JAKARTA, NortonNews.com – Kejaksaan Agung (Kejagung) menetapkan eks Kepala Badan Gizi Nasional Dadan Hindayana sebagai tersangka dalam kasus dugaan korupsi penyimpangan tata kelola Makan Bergizi Gratis (MBG). Selain Dadan, Kejagung juga menjerat eks Wakil Kepala BGN Lodewyk Pusung dan Sony Sonjaya sebagai tersangka.
Dalam kasus tersebut, para tersangka diduga melakukan mark up atau penggelembungan anggaran pada pengadaan motor listrik. Kejagung menyebut terdapat sejumlah pengadaan yang tidak sesuai, termasuk 21.801 unit motor listrik dengan total nilai mencapai sekitar Rp1 triliun.
Pada 8 April 2026, Dadan sempat menyampaikan alasan pembelian ribuan motor listrik yang diklaim berada di bawah harga pasar. Ia menyebut harga pasar sekitar Rp52 juta, sementara pembelian dilakukan dengan harga sekitar Rp42 juta atau lebih murah dari pasaran.

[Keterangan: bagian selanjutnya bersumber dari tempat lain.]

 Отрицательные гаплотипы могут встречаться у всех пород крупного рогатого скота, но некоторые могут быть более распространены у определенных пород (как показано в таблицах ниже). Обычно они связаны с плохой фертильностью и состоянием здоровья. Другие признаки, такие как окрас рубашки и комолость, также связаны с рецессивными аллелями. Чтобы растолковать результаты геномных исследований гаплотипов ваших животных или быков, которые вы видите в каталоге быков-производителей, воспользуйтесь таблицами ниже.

Dadan juga menjelaskan bahwa pengadaan tersebut sudah masuk dalam anggaran 2025 dengan target 24.400 unit motor listrik, meski realisasinya hanya mencapai sekitar 21.800 unit. Ia menegaskan bahwa pengadaan itu ditujukan untuk mendukung operasional penyaluran program Makan Bergizi Gratis (MBG).

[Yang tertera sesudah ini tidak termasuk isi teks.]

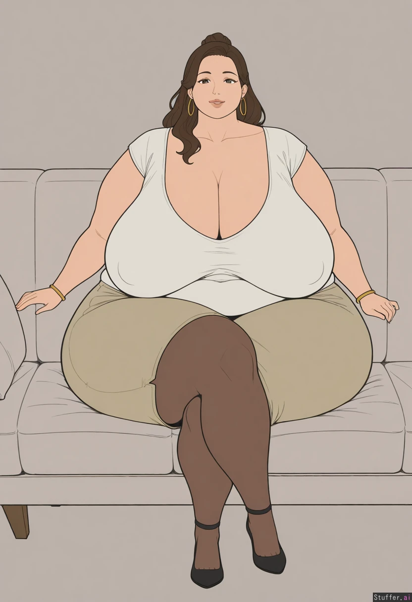 gigantic_breasts, sagging_breasts, massive_thighs, morbidly_obese_female, wife, crossed_legs, fine_outlines, flat_colors, long_breasts, fat_arms, hoop_earrings

Dadan menyebut kendaraan tersebut akan digunakan untuk menjangkau wilayah-wilayah terpencil yang sulit diakses, termasuk desa-desa yang hanya bisa dilalui kendaraan roda dua. Ia menegaskan bahwa motor listrik itu dibutuhkan untuk mendukung operasional penyaluran program Makan Bergizi Gratis (MBG).
“Program ini kan menjangkau daerah-daerah yang sangat sulit, desa-desa yang hanya bisa dengan motor. Itu untuk menunjang operasional,” ujar Dadan.
Dilansir dari Kompas.com – Sementara itu, Menteri Keuangan Purbaya Yudhi Sadewa memutuskan untuk tidak melanjutkan pengadaan anggaran kendaraan tersebut pada 2026. Ia menegaskan bahwa anggaran tahun sebelumnya tidak dilanjutkan.
“Ya anggaran tahun lalu, tahun ini tidak ada. Kita pastikan tidak ada. Waktu itu mungkin sudah terlanjur, jadi kita hentikan,” kata Purbaya di Istana, Jakarta, Rabu.
Purbaya juga mengungkapkan bahwa keputusan penghentian dilakukan setelah pihaknya mengetahui adanya pengadaan tersebut dalam struktur anggaran sebelumnya.
“Kami baru mengetahui belakangan, anggarannya sudah dipotong jika tidak salah. Saya perlu mengecek lagi ke Dirjen Anggaran,” lanjutnya.
Ia kemudian menegaskan bahwa langkah pemotongan anggaran langsung diambil setelah informasi tersebut diterima.